With this in mind we have been workin on the all-hands competition stage. This stage starts upon the completion of the puzzle, when all the best group solutions have been determined. At that point anyone can try to further improve the protein structure, starting from any of the top 5 high-scoring but diversified solutions. So unlike current puzzles you can choose to evolve any of the 5 best candidates, and perhaps combine some of the best elements from any of the starting 5 solutions. We think there is a high likelihood that with the ultimate mind-meld of all game players together we can push the results even further. The all-hands score will be kept in the same way that we keep the solo and evolver scores since we think that this will be yet another different skill that should be honored by itself. We will make sure that all Grand Challenge puzzles go through the all-hands mode.
We will also be introducing the gallery mode where you should be able to view within the game any of the old best solutions.
All these new feature, should be coming to a PC near you next week. Please let us know what you think of this in the comments below.
key differences in the Grand Challenge Puzzles
A few of our players have pointed out the palpable difference in the game play that emerged in the new puzzles.
One of the main reasons for the different feel and different rate of progress for the new puzzles is that
they are often the best solutions found by the automatic methods -- meaning that the starting point is a fairly strong local minimum (slight changes invariably lead to worse scores or little difference).
We are trying to find out whether people know how to get out of these, and find a much better space of
solutions by making one or several key changes and then refining these until a
better solution is found. Often making the big key change may initially make the score a lot worse, even though the score would eventually be a lot higher after some refinement. So in many ways this is harder, and also one of the key reasons why computers cannot really do anything to improve the score.

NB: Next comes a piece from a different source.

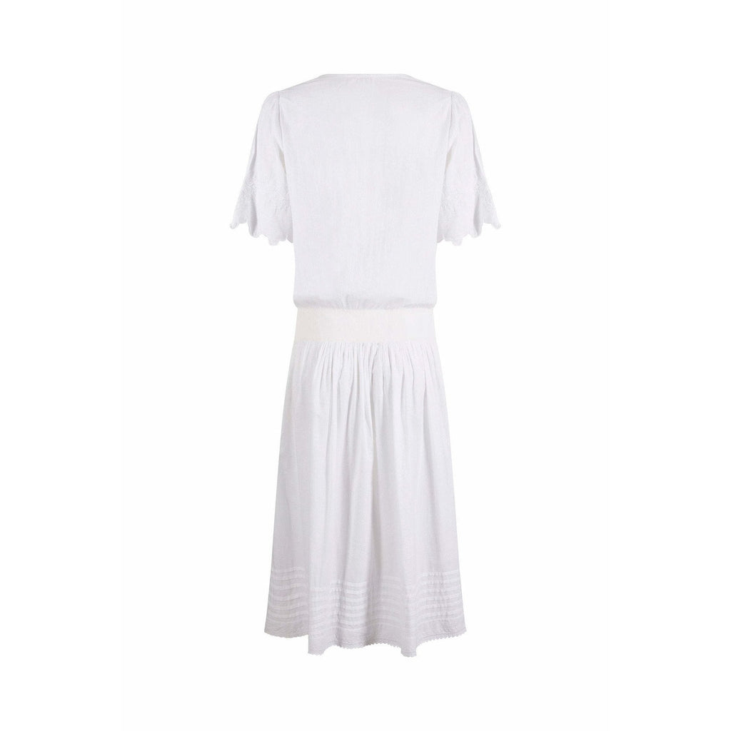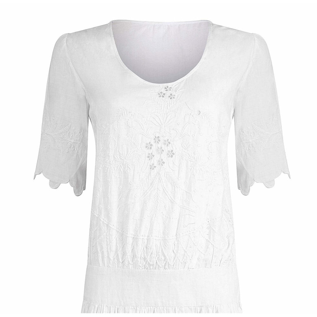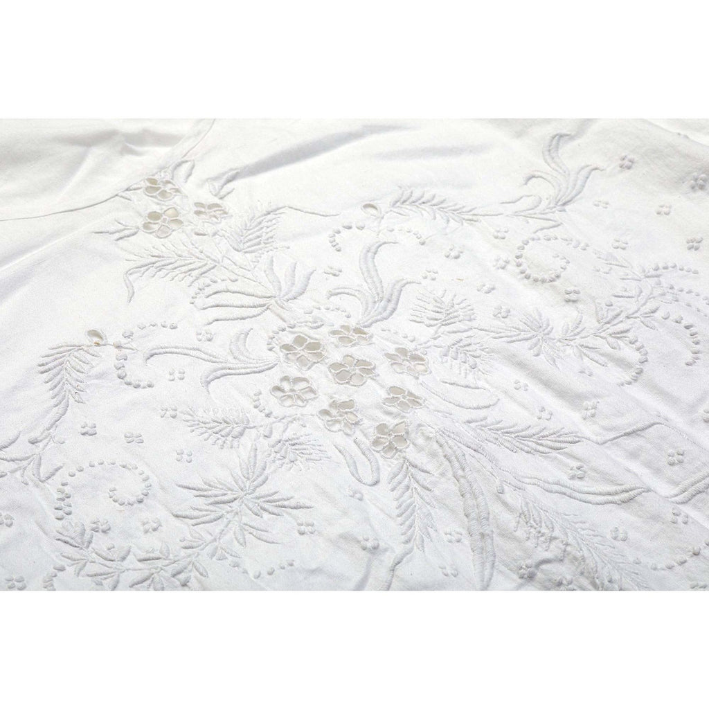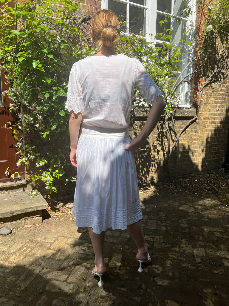 This exquisite antique 1920s hand embroidered cotton whitework tea dress is in absolutely astonishing vintage condition for a piece of this era, with no flaws to mention and would make an enchanting choice of alternative bridal wear. The dress is a simple shift cut with a wide drop waistband at the hip, a gentle scoop neckline and pretty elbow length sleeves with a scalloped trim. The soft, lightweight cotton fabric is skilfully adorned with a detailed floral motif on the bodice and sleeves, detailing flower shaped eyelets at the centre bust and neckline. The skirt is delicately gathered below the waistband and finishes at the ankle in a series of horizontal pin tucks and a dainty scalloped lace hem. Modern popper fastenings have been discretely added to the left side at some point to enable the wearer to slip into the dress more effortlessly. This beautiful piece is truly immaculate and a rare find for the discerning collector or vintage loving bride. We estimate this will fit sizes up to a UK 10-12 or US 6-8 and smaller. Our model is a UK 8-10 and 5ft 11in. (180cm) and this dress was a good fit on her.

Also, since the score initially is already very high (the best the computer can get), the final solution is not going to be significantly higher than the starting position. In the Grand Challenge puzzles 100 or even 20 points makes a huge difference, a difference between a really good prediction and the many flawed ones that massive distributed computing efforts generate.
Also, one possible reason why the solutions may seem to require a lot of small tweaks at some point is that you may have reached a global solution (the native protein) to the puzzle and any subsequent tweaks are simply not possible. At least we hope that is one of the reasons ;)
So keep all this in mind as you tackle the Grand Challenges. They are harder, and every 10 point difference can make a huge impact. You're at the bleeding edge of the current state-of-the-art in protein structure prediction.
The New Grand Challenge
The release of "The New Challenge" puzzle signifies the start of a new sequence of puzzles aimed at determining the specific ways in which human puzzle solving can outperform best known automated methods. These puzzles are a result of the analysis of all game play results since we introduced the game in May. The puzzles we will be unrolling from now on are specifically selected to confirm certain hypothesis about the nature of problems where the collective "game brain" will outperform other search methods.
The CASP8 results showed us that protein exploration through foldit puzzles is a promising new paradigm for 3D structural exploration. It did not, however, point out the how and why people are able to get such good solutions. The "grand challenge" puzzles will hopefully provide that information. Should the results prove to be interesting, we will shortly afterward submit a research paper reporting our findings.
So let the Grand Challenge begin! We're counting on you.